# [Exercise instructions]
Since the listing below shows pictures, leave them out and write out exactly the lines from the line with "Precioso apartamento, moderno, confortable, luminoso" to the line with "10 цен на Двуспальная", both included, and no others.

# [Information provided]
• • • • •
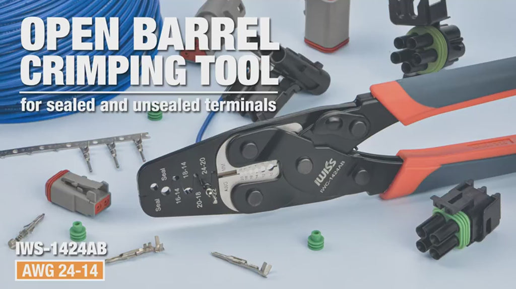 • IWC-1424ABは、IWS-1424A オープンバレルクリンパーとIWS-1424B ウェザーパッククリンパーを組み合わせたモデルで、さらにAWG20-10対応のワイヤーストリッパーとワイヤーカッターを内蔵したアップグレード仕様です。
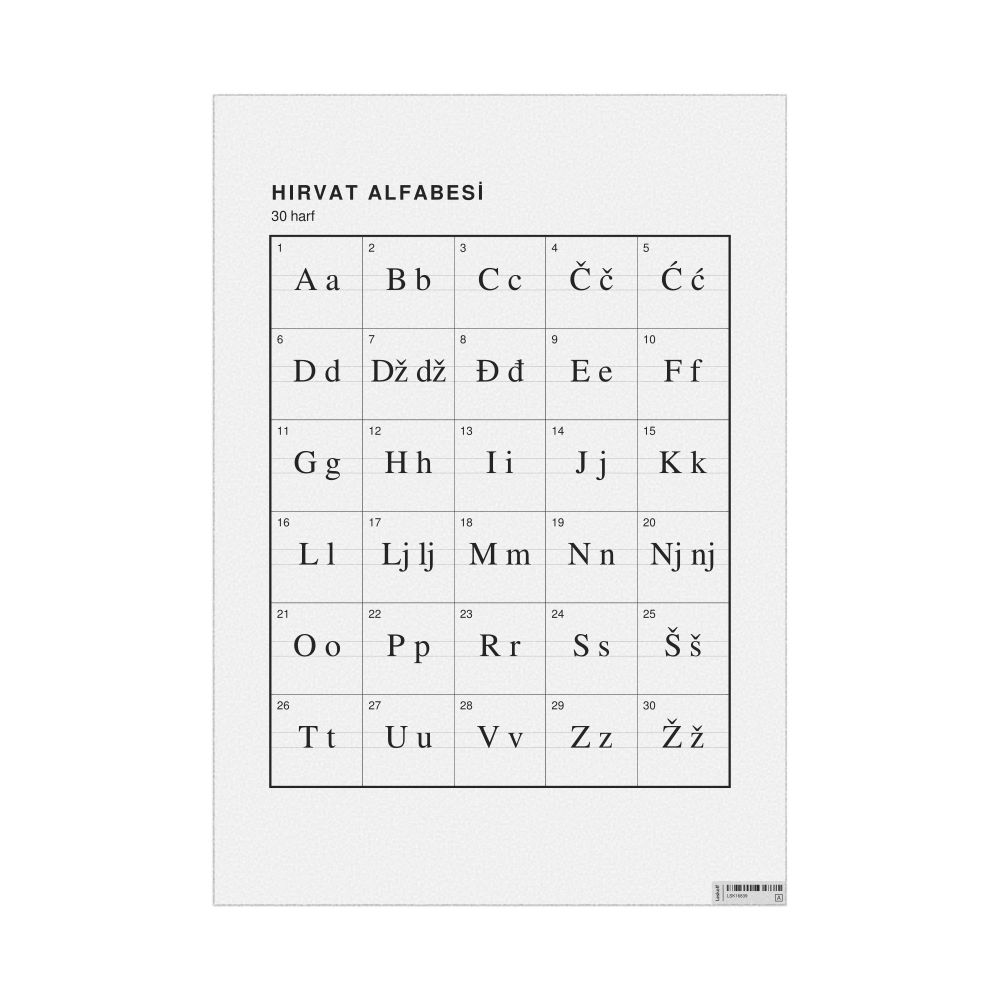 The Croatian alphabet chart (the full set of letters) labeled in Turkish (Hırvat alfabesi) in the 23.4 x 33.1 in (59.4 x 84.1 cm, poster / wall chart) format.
• • • • •
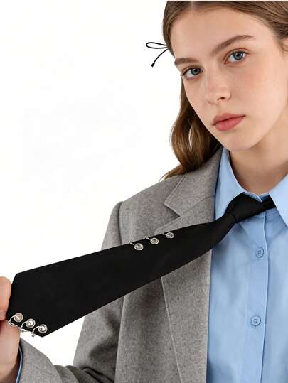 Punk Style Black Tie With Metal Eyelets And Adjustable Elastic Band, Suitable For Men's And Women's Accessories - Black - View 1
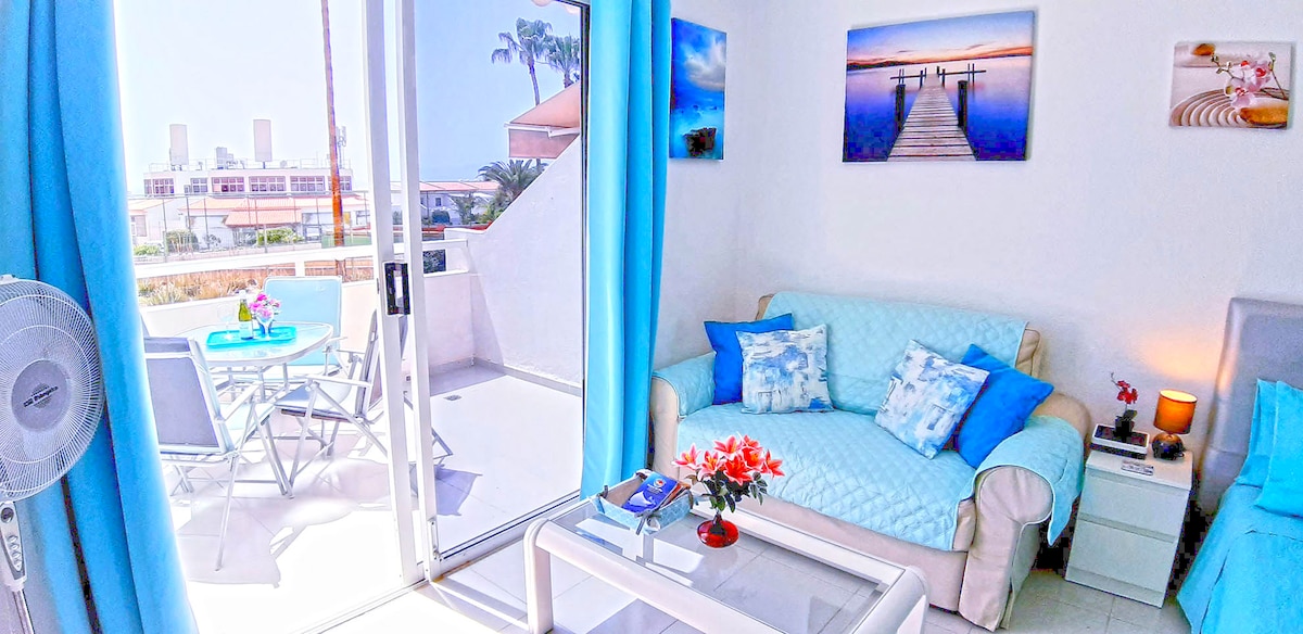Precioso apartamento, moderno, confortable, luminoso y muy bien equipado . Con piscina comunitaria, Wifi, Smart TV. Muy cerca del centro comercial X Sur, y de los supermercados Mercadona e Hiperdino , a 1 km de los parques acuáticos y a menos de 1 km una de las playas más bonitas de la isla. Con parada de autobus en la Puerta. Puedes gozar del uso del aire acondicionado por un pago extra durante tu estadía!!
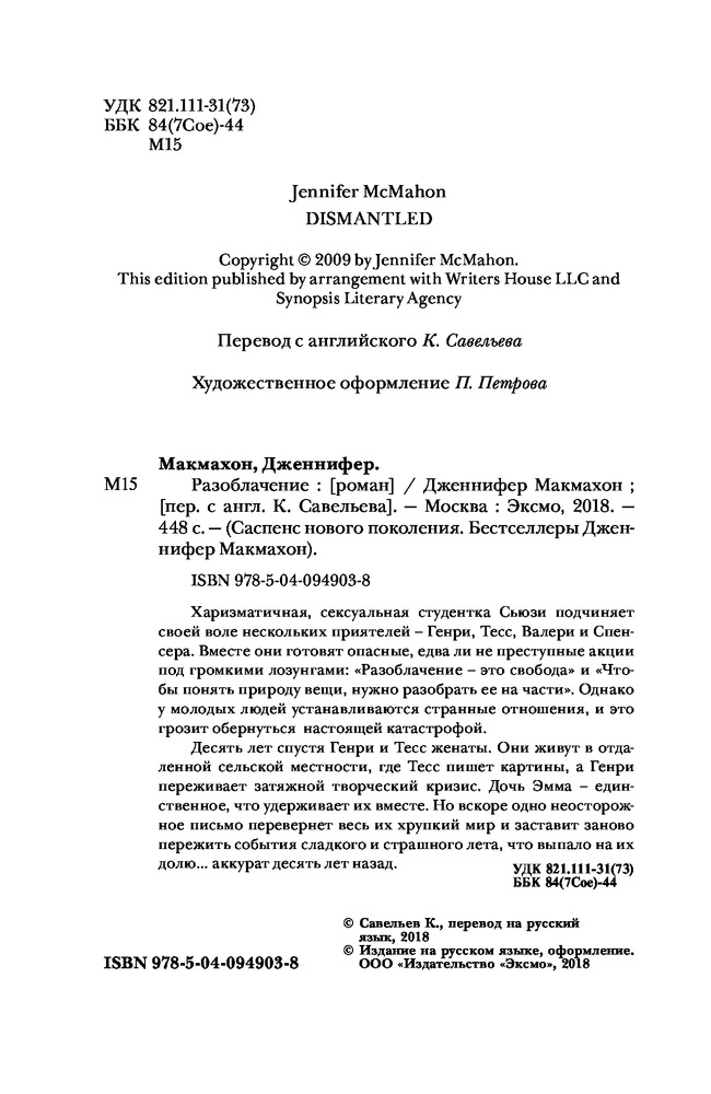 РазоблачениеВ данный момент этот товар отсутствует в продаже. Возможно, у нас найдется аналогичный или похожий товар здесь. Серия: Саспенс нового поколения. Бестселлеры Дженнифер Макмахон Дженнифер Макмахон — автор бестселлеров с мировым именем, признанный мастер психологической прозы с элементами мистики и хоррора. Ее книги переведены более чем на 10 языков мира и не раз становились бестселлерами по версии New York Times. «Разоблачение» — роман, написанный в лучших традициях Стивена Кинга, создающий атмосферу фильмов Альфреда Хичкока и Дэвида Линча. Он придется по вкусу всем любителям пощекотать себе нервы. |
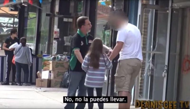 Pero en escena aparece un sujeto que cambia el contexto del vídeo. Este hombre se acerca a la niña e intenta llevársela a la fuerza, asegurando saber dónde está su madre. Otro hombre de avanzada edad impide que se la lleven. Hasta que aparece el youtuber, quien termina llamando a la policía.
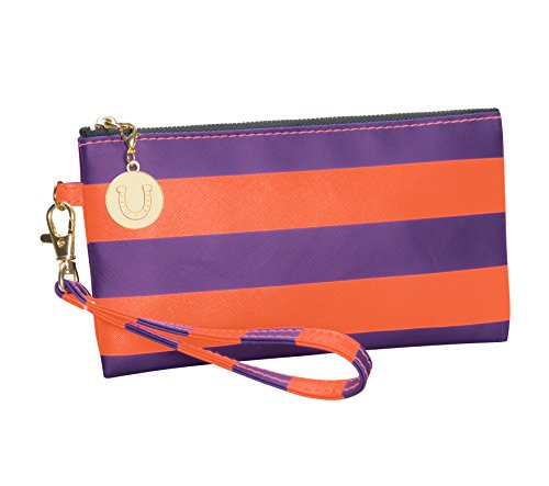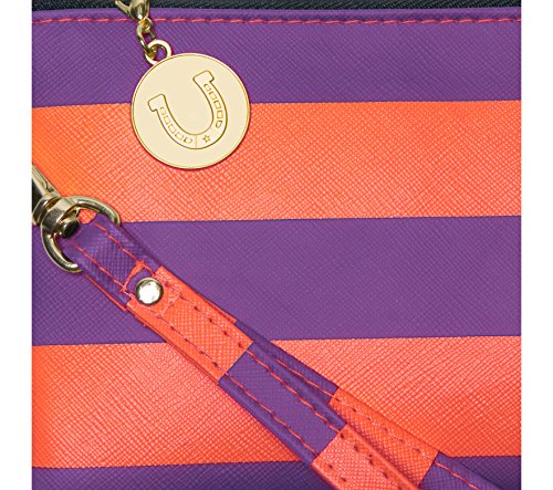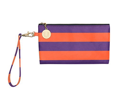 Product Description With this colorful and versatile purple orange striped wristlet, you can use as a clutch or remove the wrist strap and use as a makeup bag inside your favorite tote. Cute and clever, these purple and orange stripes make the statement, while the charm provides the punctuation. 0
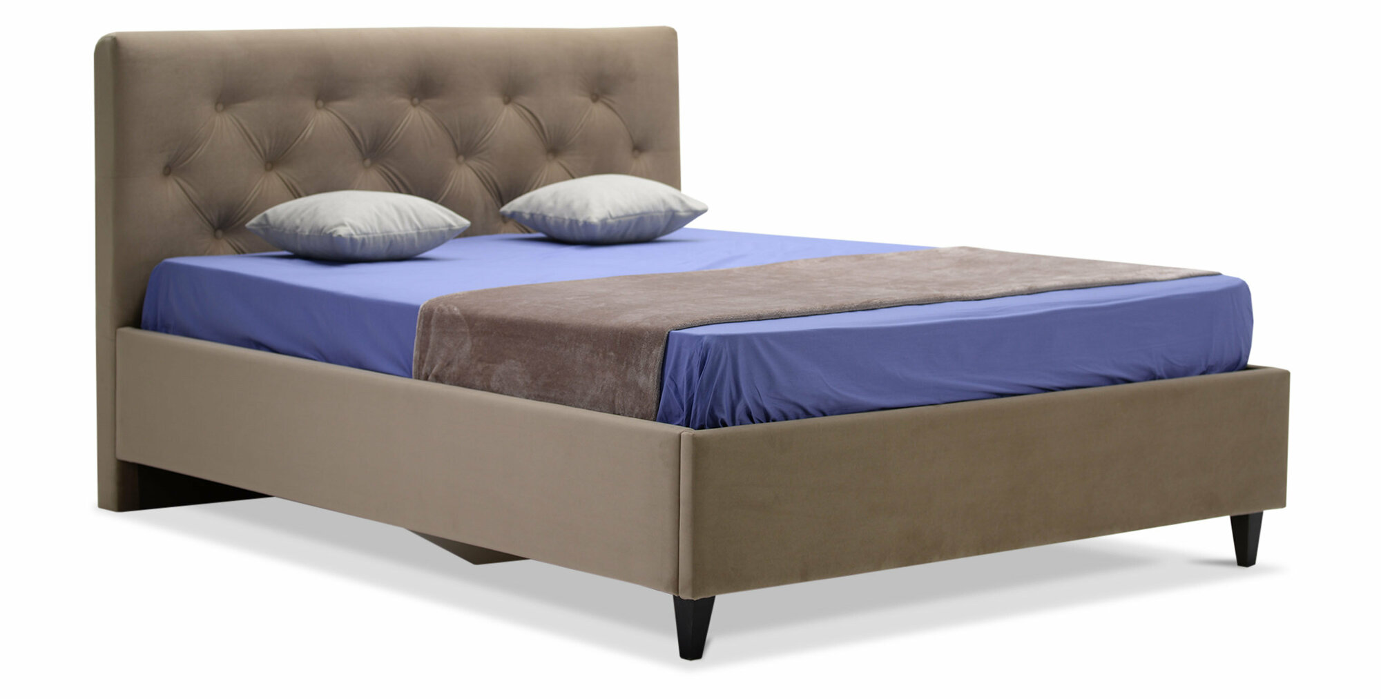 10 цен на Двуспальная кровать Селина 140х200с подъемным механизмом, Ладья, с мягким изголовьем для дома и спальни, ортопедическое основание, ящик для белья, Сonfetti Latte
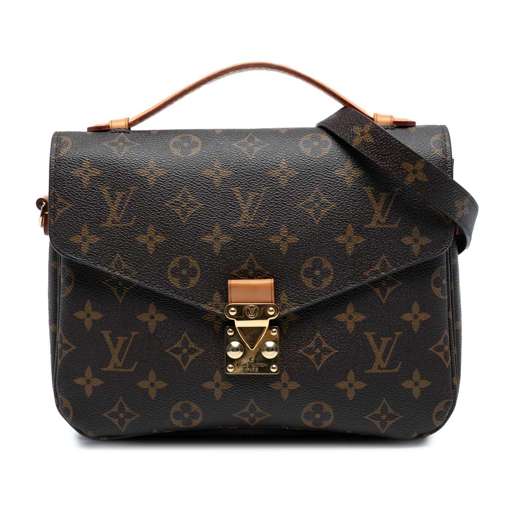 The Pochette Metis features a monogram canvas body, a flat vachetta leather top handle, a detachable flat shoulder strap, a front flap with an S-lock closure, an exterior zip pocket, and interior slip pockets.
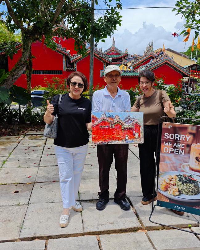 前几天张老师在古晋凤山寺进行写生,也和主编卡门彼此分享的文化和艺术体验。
• • • • •
# [Response to the task]
Precioso apartamento, moderno, confortable, luminoso y muy bien equipado . Con piscina comunitaria, Wifi, Smart TV. Muy cerca del centro comercial X Sur, y de los supermercados Mercadona e Hiperdino , a 1 km de los parques acuáticos y a menos de 1 km una de las playas más bonitas de la isla. Con parada de autobus en la Puerta. Puedes gozar del uso del aire acondicionado por un pago extra durante tu estadía!!
 РазоблачениеВ данный момент этот товар отсутствует в продаже. Возможно, у нас найдется аналогичный или похожий товар здесь. Серия: Саспенс нового поколения. Бестселлеры Дженнифер Макмахон Дженнифер Макмахон — автор бестселлеров с мировым именем, признанный мастер психологической прозы с элементами мистики и хоррора. Ее книги переведены более чем на 10 языков мира и не раз становились бестселлерами по версии New York Times. «Разоблачение» — роман, написанный в лучших традициях Стивена Кинга, создающий атмосферу фильмов Альфреда Хичкока и Дэвида Линча. Он придется по вкусу всем любителям пощекотать себе нервы. |
 Pero en escena aparece un sujeto que cambia el contexto del vídeo. Este hombre se acerca a la niña e intenta llevársela a la fuerza, asegurando saber dónde está su madre. Otro hombre de avanzada edad impide que se la lleven. Hasta que aparece el youtuber, quien termina llamando a la policía.
 Product Description With this colorful and versatile purple orange striped wristlet, you can use as a clutch or remove the wrist strap and use as a makeup bag inside your favorite tote. Cute and clever, these purple and orange stripes make the statement, while the charm provides the punctuation. 0
 10 цен на Двуспальная кровать Селина 140х200с подъемным механизмом, Ладья, с мягким изголовьем для дома и спальни, ортопедическое основание, ящик для белья, Сonfetti Latte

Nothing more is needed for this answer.